How many moles of oxygen reacts with 2.4 moleof iron in the rusting reaction?
Rust is a somewhat complicated compound but if we call it simply Fe2O3, then 4Fe + 3O2 ==> 2Fe2O3
2.4 mols Fe x (3 mols O2/4 mols Fe) = 2.4 x 3/4 = ?
Well, it seems like the moles are breaking out in an absolute frenzy! In the rusting reaction, each mole of iron reacts with one mole of oxygen to form rust, otherwise known as iron(III) oxide. So, if you have 2.4 moles of iron, you'll need 2.4 moles of oxygen to dance with it. Just make sure they don't get too rusty on the dance floor!
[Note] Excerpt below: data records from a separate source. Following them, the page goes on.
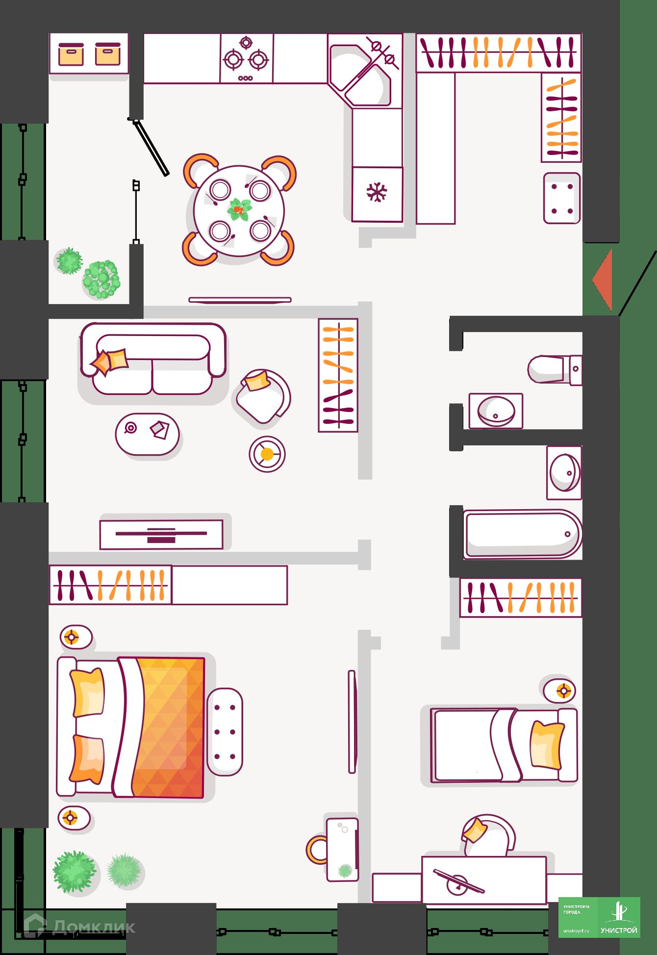 Новый дом приятно удивит вас необычной концепцией и экологичным благоустройством. Гармоничное городское пространство, стильная архитектура, двор-парк. Современная среда, закрытая от машин и доступа посторонних с фонтаном и лаунж-зоной во дворе для ценителей комфорта, удобства расположения, современных инженерных решений и высокого качества строительства от надежного застройщика «Унистрой». Новый микрорайон Жилой комплекс расположен в Автозаводском районе Тольятти. В 10 минутах езды от Южного бульвара – спортивный комплекс «Лада-Арена», торговые центры «Акварель», «Капитал», строительный магазин «Леруа Мерлен». Рядом с ЖК – остановка общественного транспорта «Ул. Полякова», откуда можно уехать в любой район города, поликлиника №3. В Южном бульваре расположен детский сад №116, рядом – гимназия №77. На территории комплекса ведется проектирование второго детского сада и дополнительных двух внутриквартальных дорог, которые позволят выехать на Южное шоссе и быстро добраться до любой точки города, загород в выходные. Двор-парк Новый дом, как и весь проект ЖК, будет реализован в сегменте комфорт-класса, но наделен принципиально новыми для города особенностями. Новинкой дома станет уютный двор-парк. Пространство будет закрыто от машин и доступа посторонних. Зайти на территорию смогут только жители и их гости. Двор будет оборудован охраной и видеонаблюдением. Вы сможете с экрана телефона наблюдать, как играют ваши дети во дворе. Для приватного отдыха, работы на свежем воздухе и встреч с друзьями будет лаунж-зона с фонтаном и разнообразным озеленением. Для прогулок с детьми – экологичные игровые пространства с использованием дерева, гальки, щепы, песка. Стильный дом Мы спроектировали входы в подъезды и двор без пандусов и ступеней, чтобы вам было удобно гулять с коляской. Привычное пространство первых этажей будет наполнено новыми стилевыми решениями. На первых этажах каждого подъезда мы установили колясочные комнаты с велопаркингом. Санки, велосипеды, коляски не будут занимать место в вашей квартире. В доме будут установлены бесшумные лифты и удобная навигация. Террасы, теплые лоджии, евродвушки В новом доме представлено большое разнообразие планировочных решений. Эксклюзивный формат квартир с террасами во дворах позволит создать уютное место для летних завтраков. Для удобства в солнечные и дождливые дни предусмотрены теневые навесы – маркизы. Балконы в новом доме заменили теплые лоджии, которые делают помещение полезным и позволяют его использовать круглый год. Теплые лоджии освобождают вас от необходимости утепления помещения и установки дополнительных отопительных приборов. На теплой лоджии можно оборудовать небольшой спортзал, рабочий кабинет или зону отдыха. Также в доме есть студии, 1-комнатные, евродвушки, 2- и 3-комнатные квартиры. Современные решения Все квартиры будут сдаваться в качественной предчистовой отделке. Горизонтальная разводка отопления (трубы спрятаны в полу) позволит воплотить все дизайнерские решения. Показания приборов учета воды, электричества тепла будут автоматически подаваться в Сервисную компанию. Решение удобно еще и тем, что 24/7 ведется мониторинг расхода всех ресурсов. И в случае чрезмерного расхода, к примеру, воды, специалисты смогут перекрыть ее без доступа в квартиру, в общем 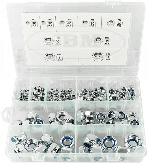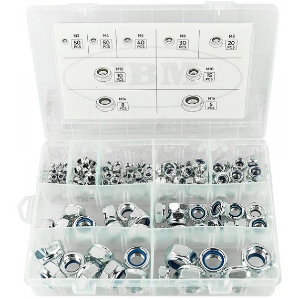 Fikseerimiskraega mutrite komplekt. Sisaldab mõõte M3-M4-M5-M6-M8-M10-M12-M14-M16. Galvaaniliselt töödeldud.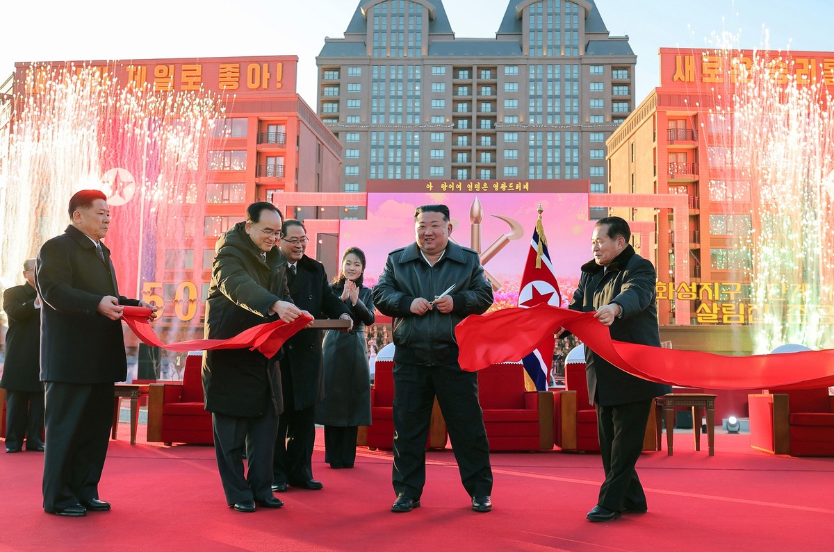 Уважаемый товарищ Ким Чен Ын разрезает ленту на церемонии завершения строительства улицы Сэбёр. Февраль 2026 года.
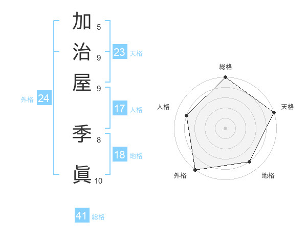 加治屋 季眞さんを姓名の画数から五運を鑑定

In order to determine the number of moles of oxygen that react with 2.4 moles of iron in the rusting reaction, we need to balance the chemical equation first.
The rusting reaction can be represented by the following balanced equation:
4 Fe + 3 O2 -> 2 Fe2O3
From the balanced equation, we can see that 4 moles of iron react with 3 moles of oxygen to form 2 moles of iron(III) oxide (Fe2O3).
To calculate the moles of oxygen that react with 2.4 moles of iron, we can set up a proportion:
4 moles of iron / 3 moles of oxygen = 2.4 moles of iron / x moles of oxygen
Cross-multiplying, we get:
4 moles of iron * x moles of oxygen = 3 moles of oxygen * 2.4 moles of iron
Simplifying, we have:
4x = 7.2
Dividing both sides by 4, we find:
x = 1.8
Therefore, 1.8 moles of oxygen react with 2.4 moles of iron in the rusting reaction.
To determine how many moles of oxygen react with 2.4 moles of iron in the rusting reaction, we first need to know the balanced chemical equation for the reaction.
The balanced chemical equation for the rusting of iron can be represented as:
4 Fe + 3 O2 → 2 Fe2O3
From the balanced equation, we can see that each mole of iron (Fe) reacts with 3 moles of oxygen (O2) to produce 2 moles of iron(III) oxide (Fe2O3).
Using the stoichiometry of the balanced equation, we can set up a proportion to find the number of moles of oxygen reacting with 2.4 moles of iron:
(3 moles O2) / (4 moles Fe) = (x moles O2) / (2.4 moles Fe)
Cross-multiplying and solving for x, we get:
(3 moles O2) * (2.4 moles Fe) = (4 moles Fe) * (x moles O2)
7.2 moles O2 = 4x
Dividing both sides by 4:
7.2 / 4 = x
x = 1.8 moles O2
Therefore, in the rusting reaction, 1.8 moles of oxygen react with 2.4 moles of iron.